**About this exercise**
Below are some records. Quote exactly the lines from the one that contains "Апартаменты находятся в" through the last, both included, and leave out the pictures.

BEGIN Task data

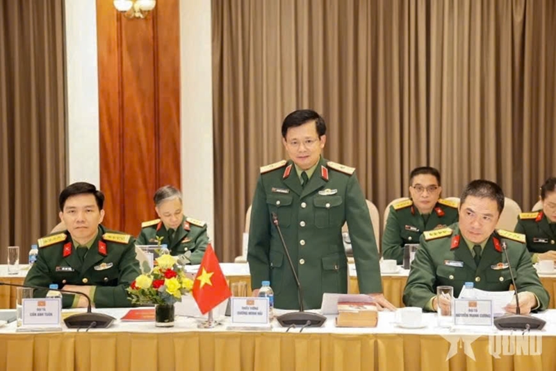 | Генерал-майор Зыонг Минь Хай выступает на переговорах с руководством Управления военных наук и истории МО Лаосской Народно-Демократической Республики. Фото: БУЙ ХА |
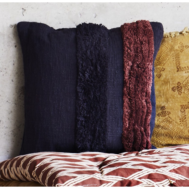 madam stoltz coussin touffete carre coton noir rouge 50 x 50 cm
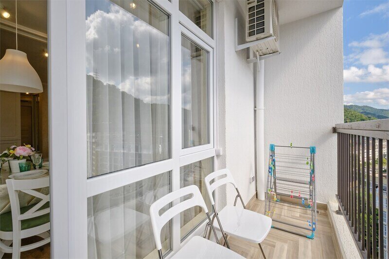 Апартаменты находятся в современном жилом комплексе "Босфор" в поселке Дагомыс. На территории комплекса имеется детская площадка, что делает их удобными для семейного отдыха.
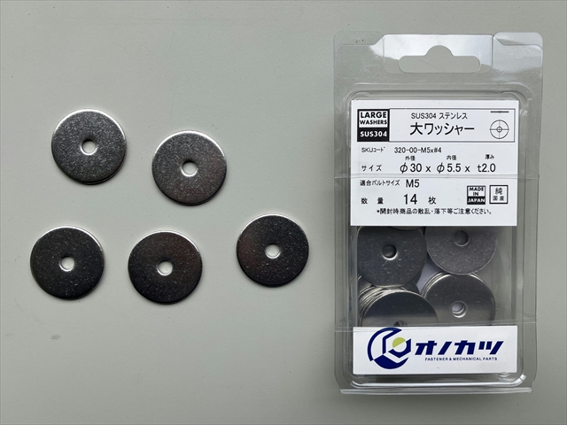 オノカツ 純国産SUS304 ステンレス 大ワッシャー M5用 【外径30mm, 厚み 2mm】14枚入 960円
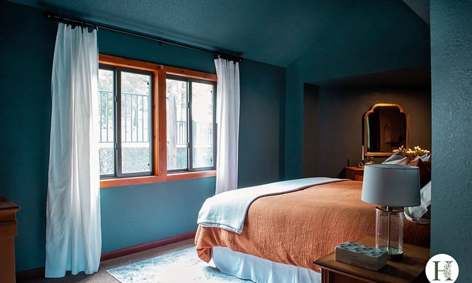 The secondary suite is secluded in the lower level, and features a queen bed, private full bath and private outdoor deck.
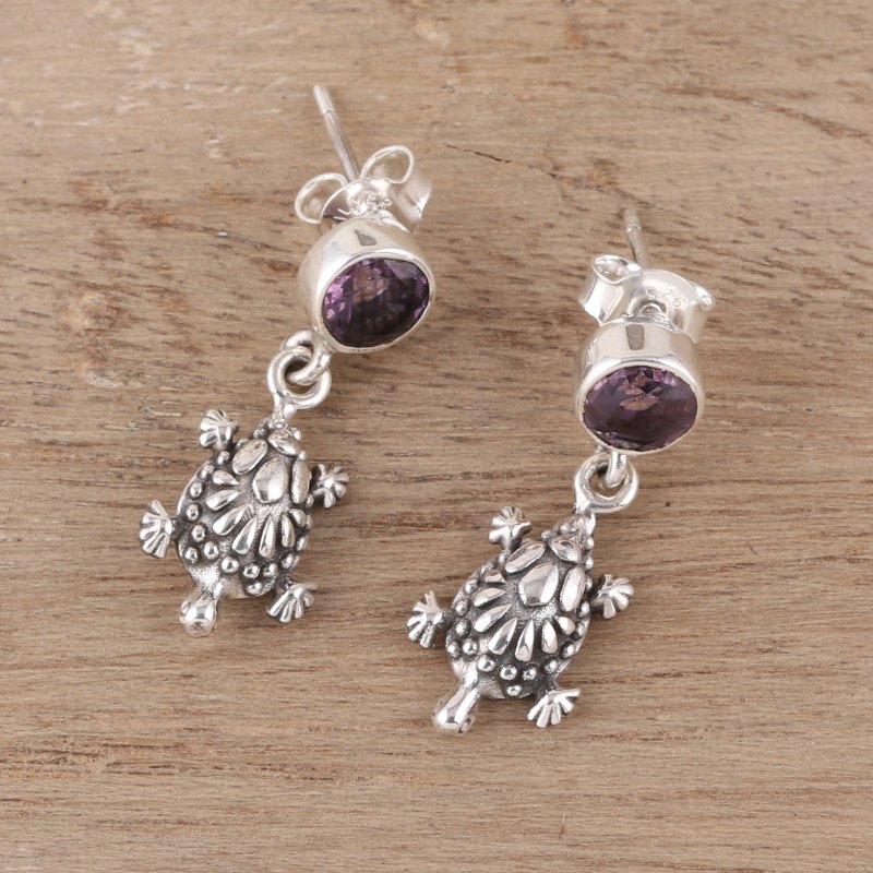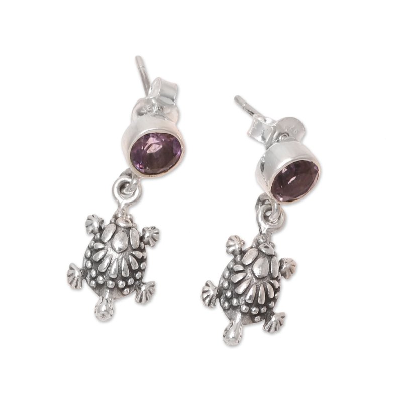 You can find our amethyst dangle earrings 'Turtle Essence' by Narayannii in jewelry categories such as Gemstone Earrings, Amethyst Earrings, Sterling Silver Earrings and Dangle Earrings. Enjoy exploring these sections for other Novica treasures.

END Task data

**Result of this task**
 Апартаменты находятся в современном жилом комплексе "Босфор" в поселке Дагомыс. На территории комплекса имеется детская площадка, что делает их удобными для семейного отдыха.
 オノカツ 純国産SUS304 ステンレス 大ワッシャー M5用 【外径30mm, 厚み 2mm】14枚入 960円
 The secondary suite is secluded in the lower level, and features a queen bed, private full bath and private outdoor deck.
 You can find our amethyst dangle earrings 'Turtle Essence' by Narayannii in jewelry categories such as Gemstone Earrings, Amethyst Earrings, Sterling Silver Earrings and Dangle Earrings. Enjoy exploring these sections for other Novica treasures.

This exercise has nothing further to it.